The prior art includes two kinds of directions, and a kind of is the detection mode of document similarity degree, this kind of detection method cannot have
The duplicate contents of effect detection text block, another kind is the detection mode of the length of identical content blocks, this kind of detection method cannot have
The similarity degree of effect detection document, that is to say, that the prior art accurately cannot all be detected document very much.
The content of the invention
It is existing to solve the present invention provides a kind of method of document detection, server and computer-readable recording medium
The problem of inaccurate to document detection in technology.
On the one hand, the present invention provides a kind of method of document detection, this method to include:The fingerprint of the default document of structure
Storehouse, the fingerprint base are used for the characteristic for storing the default document;According to the characteristic in the fingerprint base, to be checked
Survey document and carry out similarity detection and the detection of document multiplicity.
Further, the fingerprint base of the default document of the structure, specifically includes:The content in default document is extracted, is used
Local sensitivity hash algorithm generates the Feature Words and tagged word of the default document, and obtains the sentence in the default document
Block, fingerprint base is stored in by the Feature Words, the tagged word and the statement block.
Further, the characteristic in the fingerprint base, similarity detection and document are carried out to document to be detected
Multiplicity detects, and specifically includes:According to the characteristic of the fingerprint base and document to be checked, to document to be checked and default document into
Row similarity detects, and carries out document multiplicity detection to document to be checked and default document.
Further, this method further includes:Extract the characteristic of the document to be checked.
Further, the characteristic for extracting the document to be checked, specifically includes:Using local sensitivity hash algorithm
The Feature Words and tagged word of the document to be checked are extracted, and obtain the statement block in the default document.
Further, it is described that document multiplicity detection is carried out to document to be checked and default document, specifically include:
Judge that there are institute if it is, recording document to be checked with the presence or absence of the statement block in default document in document to be checked
The number of statement block is stated, otherwise, then judging document to be checked, there is no repeat with the default document.
Further, judge to specifically include with the presence or absence of the statement block in default document in document to be checked:Judge text to be checked
It whether there is in shelves, it is equivalent in meaning with the statement block in default document, and with the difference of the number of words of the statement block in predetermined word
Statement block in number scope, if it is, determining document to be checked, there are the statement block.
Further, the characteristic include it is following in one or more:Tagged word, Feature Words and statement block.
On the other hand, the present invention also provides a kind of server, it is total that the server includes processor, memory and communication
Line;
The communication bus is used for realization the connection communication between processor and memory;
The processor is used to perform the computer instruction stored in memory, to realize the document described in any of the above-described kind
The method of detection.
Another further aspect, the present invention also provides a kind of computer-readable recording medium, computer-readable recording medium storage has
One or more program, one or more program can be performed by one or more processor, to realize that the present invention provides
Any document detection method.
The present invention has the beneficial effect that:
The present invention presets the fingerprint base of document by building, further according to the characteristic in fingerprint base, to document to be detected
Similarity detection and the detection of document multiplicity are carried out, the similarity detection of document to be detected and document multiplicity are examined with realizing
Survey, so as to solve the problems, such as inaccurate to document detection in the prior art.

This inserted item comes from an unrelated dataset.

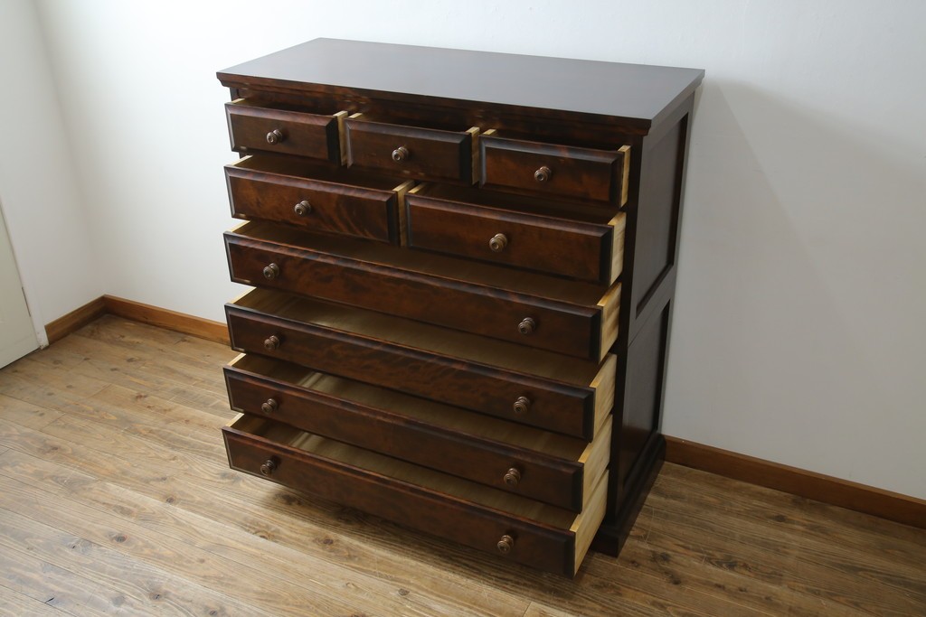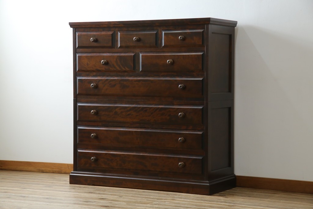 安らぎとぬくもり溢れる天然の木によって生み出される質感と、末永く使える作りの良さで人気の北海道民芸家具の整理タンスです。

Brief description of the drawings
Fig. 1 is a kind of flow diagram of the method for document detection of the embodiment of the present invention;
Fig. 2 is the flow diagram of the method for another document detection of the embodiment of the present invention;
Fig. 3 is the structure diagram of the server of the embodiment of the present invention.
Embodiment
Inaccurate to document detection in the prior art in order to solve the problems, such as, the present invention provides a kind of side of document detection
Method, the present invention preset the fingerprint base of document by building, and further according to the characteristic in fingerprint base, phase is carried out to document to be detected
Like degree detection and the detection of document multiplicity, so that existing detect the similarity detection of document to be detected and document multiplicity.Below
With reference to attached drawing and embodiment, the present invention will be described in further detail.It should be appreciated that specific embodiment described herein
Only to explain the present invention, the present invention is not limited.
An embodiment of the present invention provides a kind of method of document detection, referring to Fig. 1, this method includes:
The fingerprint base of the default document of S101, structure, the fingerprint base are used for the characteristic for storing the default document;
S102, the characteristic in the fingerprint base, carry out document to be detected similarity detection and document repeats
Degree detection.
That is, the present invention presets the fingerprint base of document by building, further according to the characteristic in fingerprint base, treat
Detect document and carry out similarity detection and the detection of document multiplicity, to realize to the similarity detection of document to be detected and document weight
Multiplicity detects, so as to solve the problems, such as inaccurate to document detection in the prior art.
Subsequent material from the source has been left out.